A 2001 New York Times review of “The Money and the Power” focuses almost exclusively on the more lurid aspects of Sin City and admonishes Denton and Morris for looking down their noses at how “ordinary people come [to Las Vegas] to feel, for a weekend, like big shots.” It also ignores the book’s argument that state and organized crime had become indistinguishable from one another, noting mockingly that “for Denton and Morris, even to wear tailored clothes indicates crooked venality.”

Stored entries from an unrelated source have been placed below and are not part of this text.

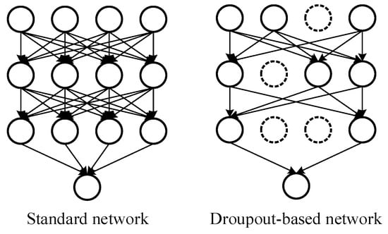 Overfitting is an important problem in multilayer LSTM models. Multilayer LSTM model training and learning is essentially optimization and generalization. Debugging the multilayer LSTM model parameters minimizes the loss function value in the training sample set. The performance of a fully trained predictive model in the test sample set reflects the model’s generalization capabilities. Overfitting can affect the training model’s performance and thus reduce generalization. To prevent models such as multilayer LSTM neural networks from overfitting the training sample set, regularization techniques are adopted to limit the complexity of the model. A regularization term for the model parameters is added to the objective function. The dropout method is one of the most effective regularization tools for deep learning [30], and the standard network and the dropout-based network are shown in Figure 3.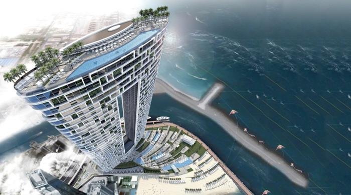 خلیج اردو: دبئی کے معروف علاقے دبئی مرینہ میں واقعہ ایڈریس بیچ ریزورٹ کی بلند عمارت پر واقعہ اس سوئمنگ پول سے آسمان پر تیراکی کا گمان ہوتا ہے، یہاں سے سمندر اور آسمان کا نظارہ کرنے کے ساتھ تیراکی کا لطف بھی لیا جاسکتا ہے۔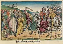 Le VIIe siècle amène de nombreux bouleversements : en 614, Khosro II, empereur perse, prend Jérusalem avec le soutien de rebelles juifs dirigés par Benjamin de Tibériade (en) et Néhémie ben Hushiel (en), et il rétablit un pouvoir juif sur cette ville, ce qui vaudra aux Juifs de l'empire byzantin de nouvelles persécutions[111]. Mais l'empereur byzantin Héraclius rétablit sa situation et peut entrer triomphalement dans Jérusalem le 29 mars 629[112]. Le triomphe est de courte durée car, dès 634, commence la conquête arabe.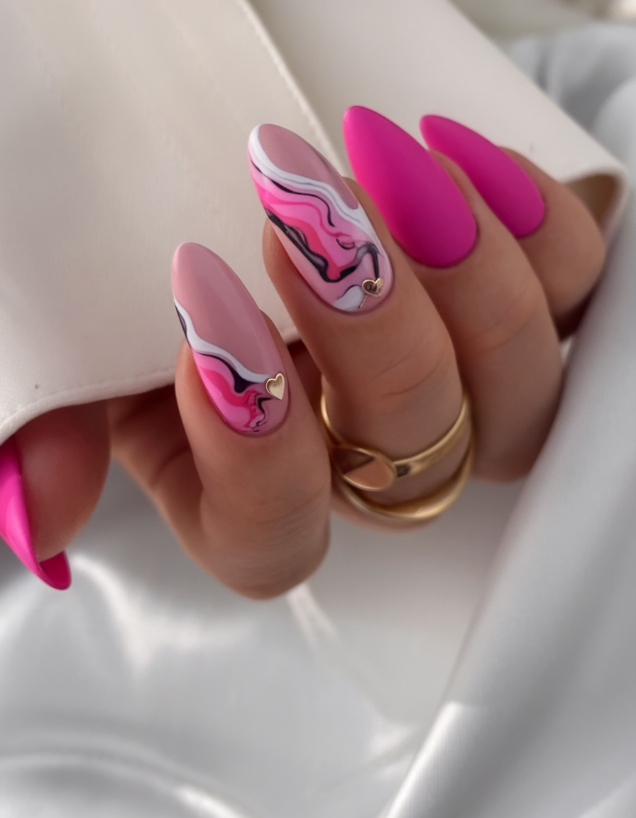 This bright and fun manicure features a mix of solid gel pink and intricate marble swirls. The multi-colored effect blends white, pink, and black in a fluid design, while small gold heart embellishments add charm. The almond shape enhances the elegance, making this gel design perfect for a bold spring-summer look.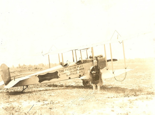 Readers of the Spring issue will recall that, as part of the publicity effort in advance of the 1920 production of the Passion Play, a pilot and plane was secured from the Curtiss Aircraft Company. Over a ten-day period, the Curtiss “Jenny” made about 16 flights across the region, from Silver Creek to Warsaw. In addition to the pilot, the airplane carried a “courier,” dressed as an ancient Roman, who would dramatically invite audiences to attend the upcoming performances.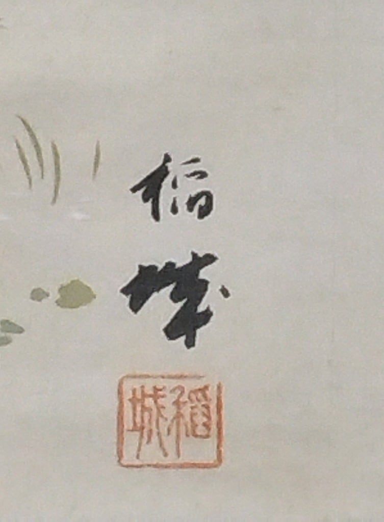 福岡稲城|FUKUOKA Tojo( 愛知/ 1899-?)「桜花見図」土佐派/大和絵 尺五立物故作家掛軸 木箱 JY2211

I would take the opposite view: Denton and Morris should have focused less on the more sensational aspects of Las Vegas and more on the state-organized crime fusion and its tentacles into every corner of the economy and foreign policy (maybe readers have recommendations on books that deal more completely with the latter?)
Nonetheless, if you need a refresher or a first-time peek, the book provides a summary of the interwovenness of the state and organized crime throughout the second half of the 20th century. No doubt an updated version nearly a quarter-century after the original was published would have plenty more evidence to work with.